# Stored data entries
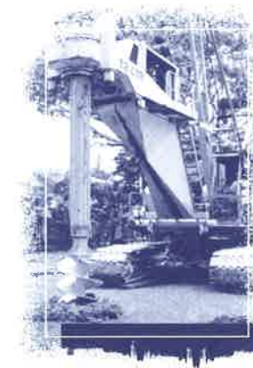
First pile into the ground

Since late last year, our project consultants have also separately made direct submissions to the various relevant technical departments/authorities in the run-up to obtaining Building Plan approval from the Building & Construction Authority by end-March this year.
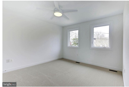
UPPER LEVEL- BEDROOM #4
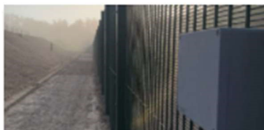
04. HISEC SR2 (B3) RATED FENCING
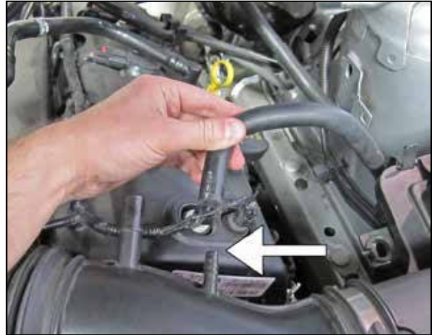
b. Disconnect the brake booster vacuum line.
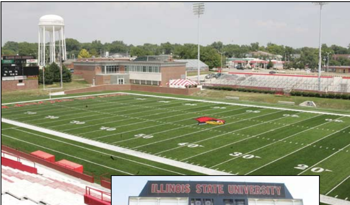
Above: A view of the new playing surface and the stone-capped brick wall in the northeast corner of Hancock Stadium. Right: The scoreboard in the north end zone is dismantled to install the new video board.
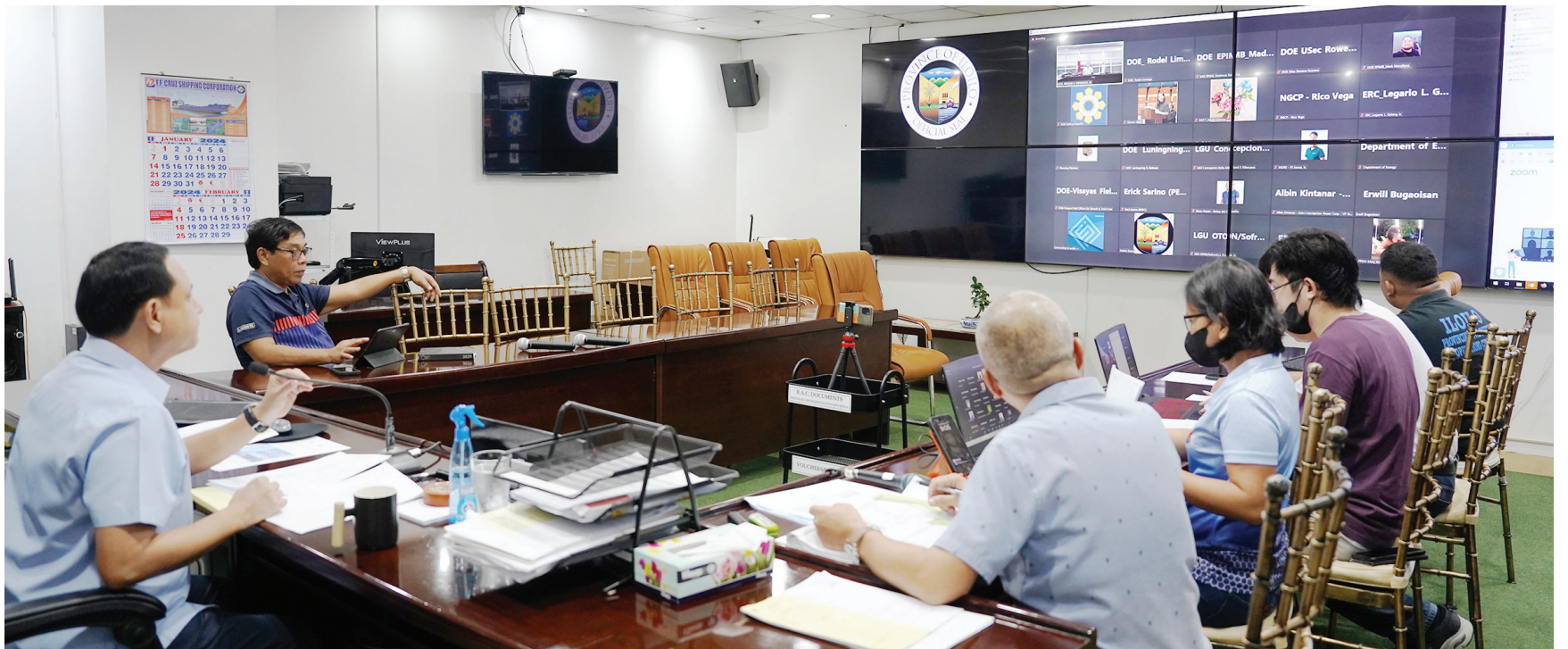
POWER MEETING. Governor Arthur Defensor, Jr. leads the conference with the officials of National Grid Corporation of the Philippines (NGCP), Department of Energy (DOE), and Energy Regulatory Commission (ERC) and other stakeholders via Zoom platform to tackle issues and concerns relative to the massive power outage on Panay Island and parts of Negros Occidental since January 2, 2024.
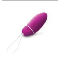
Deep Rose 7350075 021022

Product images available in ALL colors in our Retailer System ( www.lelo.com/retailer ).
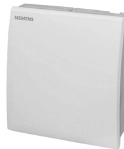
QPA20... Series Room Air Quality Sensor.
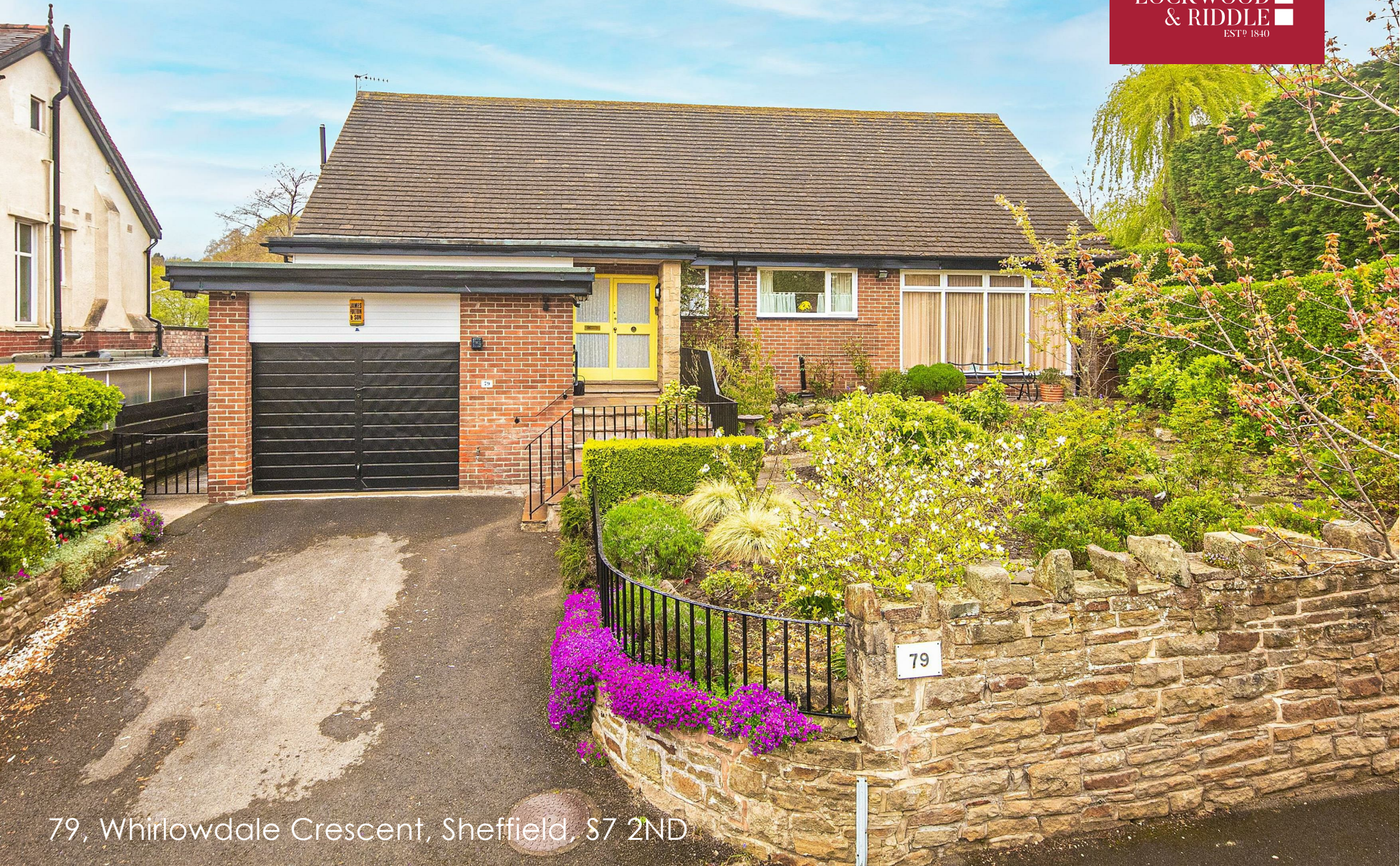
79, Whirlowdale Crescent, Sheffield, S7 2ND
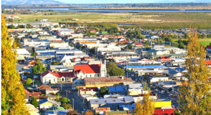
Thames, once a bustling gold rush town, now 'Capital of the Coromandel'.
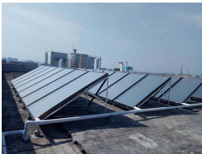
Jiangmen Factory – solar heating system
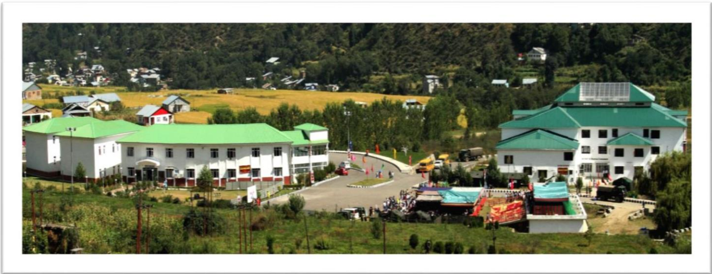
Bhaderwah Campus, University of Jammu

# PROBLEM DETAILS
The copy should hold exactly the lines above from the one with "04. HISEC SR2 (B3) RATED FENCING" through the one with "Above: A view", both ends counted, and no pictures at all.

# WRITTEN ANSWER
04. HISEC SR2 (B3) RATED FENCING
b. Disconnect the brake booster vacuum line.
Above: A view of the new playing surface and the stone-capped brick wall in the northeast corner of Hancock Stadium. Right: The scoreboard in the north end zone is dismantled to install the new video board.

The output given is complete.